Visual Arts, Columbia University, New York

This course examines ways of looking and ways of seeing, both personally & professionally as artists and in a larger cultural context. Through field trips to contemporary art and other cultural sites, conversations with visiting critical thinkers and practicioners, readings, discussions, and visual & written responses, we will examine how we look, think, act, create and respond--critically questioning our own artistic practices and ways of looking at the world.

Tuesday, October 29, 2013

Coming Home, Michigan Version

When I first read of our assignment, based on Charline von Heyl's epiphany in Marfa, my first thought was, Bad timing! In a few weeks, I am taking my first trip to Montana. I wanted a glamorous, super-charged outdoorsy setting in which to "see nothing" too. Something like this:



Well, ha! I spent the weekend instead in suburban Detroit, where my cousin was getting married. Not only was it a typically bitter, gray day in Detroit but even my location there, about a half-hour from the idyllic, leafy neighborhoods of my youth, was an aesthetic bummer. A condo development of repetitive blandness that looks like this:



Talk about nothing to see. Even the garden at this home, usually a riot of color and creativity, was a vision of cut-down depression in anticipation of cold, sunless winter:


The last thing I wanted to do was start poking around this uninspired landscape in the Arctic cold. Then, the Charline von Heyl thing started happening. The cold invigorated me. So did the mere fact, as is typical for me, of being outside. I hadn't been in Michigan during autumn in years, and I started to remember, visually and aromatically, my home state's omnipresent natural wonder (among, admittedly, some fairly dreary development). The casual splendor of trees like this, for example:



I found pinecones so freshly fallen that the sap clustered all over my hands, leaving such a distinct pine scent that I felt transported, first to my school's nature center where we tapped trees each fall for syrup, and then to my childhood home where my brothers and I spent all of our time in the wooded ravine out back, no matter the season. The ground on which I ran, hid, fooled around, buried various dead critters in bizarre takes on Jewish funerals, it looked, smelled and crunched under my feet just like this backyard did:


Soon, everything looked amazing. A cluster of brittle twigs like a sea urchin:


A starburst of fallen trees whose single arcing branch transforms the thing into a hideout:

A hole that reminds me of Lee Bontecou, sigh:



Naturally, as I looked deliberately at the rich foliage of spring and summer dead on the ground, in picturesque heaps in advance of next year's bounty, thoughts of the cycle of life took over. This is when things get heavy.

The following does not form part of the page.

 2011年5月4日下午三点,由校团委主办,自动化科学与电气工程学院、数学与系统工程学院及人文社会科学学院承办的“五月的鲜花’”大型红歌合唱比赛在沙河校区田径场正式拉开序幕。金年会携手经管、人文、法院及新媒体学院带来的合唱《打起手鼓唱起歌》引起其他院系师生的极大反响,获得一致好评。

I circle to the front of the condo, inexplicably really, since I no longer want to be indoors. Outside is free and fresh. I am cherishing being outside at home, a luxury that does not exist for me in Manhattan.

I come upon this little totem thing:



I have no idea why it is there, what my host means by it. I have seen it at this home many times, and I always think of it condescendingly as a white person's attempt to do something Japanesey, even though I have no idea whether the Japanese do anything like this in their gardens. This time -- because I am looking so closely at nothing! -- I see a companion to the Jewish cemetery ritual of placing a stone on the tombstone of a loved one. It's a ritual I look upon fondly even though I believe burial sucks.

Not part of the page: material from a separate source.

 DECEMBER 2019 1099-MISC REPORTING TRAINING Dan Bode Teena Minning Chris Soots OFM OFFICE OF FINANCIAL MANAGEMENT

I think of my brother, whose grave I only visit when I am at another funeral or unveiling at the same cemetery. I hate going there, seeing how he is dead in a box in the ground, a teenager who must be bored to death - ha! - surrounded by old people from our family (although I would wager that my dad's arrival made things better for my brother, though worse for me). I don't cry, I just think of him, grateful that this assignment made me do so in the context of nature, the outdoors and art, while I am alone. Grateful also that my own post-life instructions comprise the anti-Jewish rite of cremation, organ donation and a ceremonial scattering of whatever bits are left in the waters off Tel Aviv Beach. (You have probably thought of these things, too, if you, like me, have lost 40 percent of your immediate family by this point.)

That evening, I go to my cousin's wedding, the whole point of my trip. There is so much to see.
Isn't that leopard tail something else? The party was packed with bandage dresses, aggressive eye makeup and ironed-down hair, an attempt to control Jewfros run amuck. I reprised my role, taken up at my cousin's sister's wedding, of underground paparazzo.

Amid all the distraction, a family friend came to find me. Her sons were friends of my brother's in Hebrew school, which means they got in lots of trouble together (that's what it means for all good Jews). She told me that her sons, all these years later, still speak of my brother. As if on cue, they walked over and told me a story. I cried, grateful that my totally awesome brother hasn't been forgotten.

So where does that leave me? Besides really off-track? I brought home three fragrant pinecones and a pile of red leaves.




I am going to document their decline as a reminder that a project about my brother is long overdue.